[Date Prev][Date Next][Thread Prev][Thread Next][Date Index][Thread Index]

[Condor-users] problem returning output from multiple nodes of parallel universe, mpich2 on Windows 7



I'm trying to setup a Condor 7.6 pool to be used with MPICH2 1.3.2.p1 (using the parallel universe) on Windows 7.

I followed the setup listed here:

https://condor-wiki.cs.wisc.edu/index.cgi/wiki?p=HowToConfigureMpiOnWindows


As a test, I'd like to get an mpi example working on multiple cpus on the same machine (this machine is my central collector, dedicated scheduler, submit and execute node).  I can get a single cpu version (machine_count = 1) of this working, but I have problems when attempting 2 cpus (machine_count = 2).

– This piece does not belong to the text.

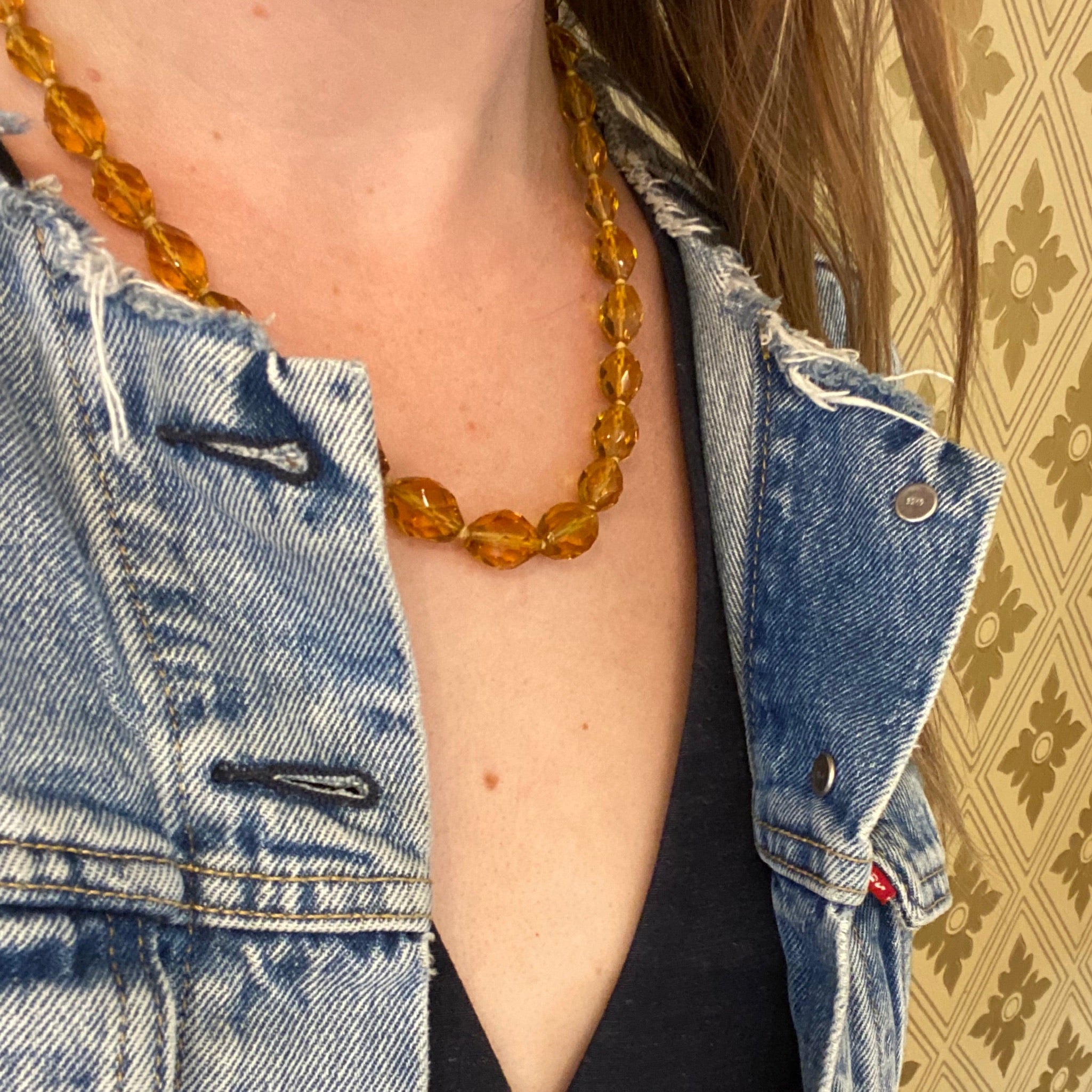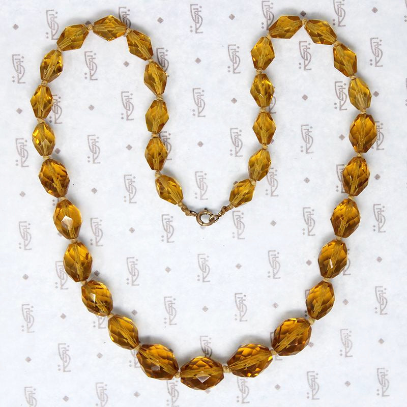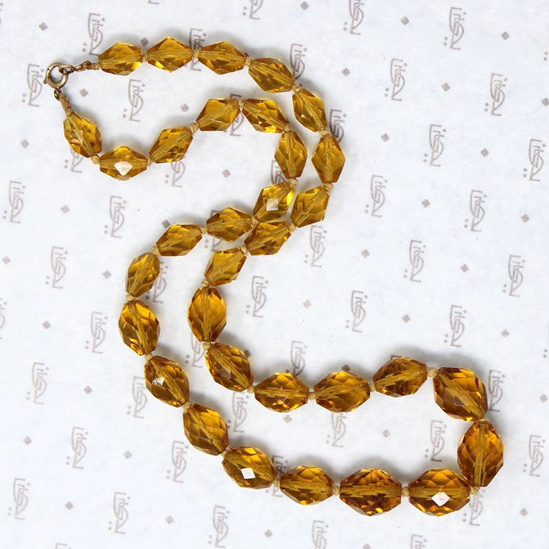 Warm, whisky-colored graduated glass beads are hand knotted on gold silk. The necklace is finished with a brass C-clasp. This Art Deco era necklace will be perfect paired with autumnal sweaters. Circa 1920.

Node 0 appears correct, and has its output/error files copied back, but Node 1 doesn't have its output/error files copied back. 

From the "work.#pArAlLeLnOdE#" log file, it seems like Node 1 starts executing, but there is no trace of the actual execution of Node 1.  I'm also including relevant output from other logs in case it is helpful.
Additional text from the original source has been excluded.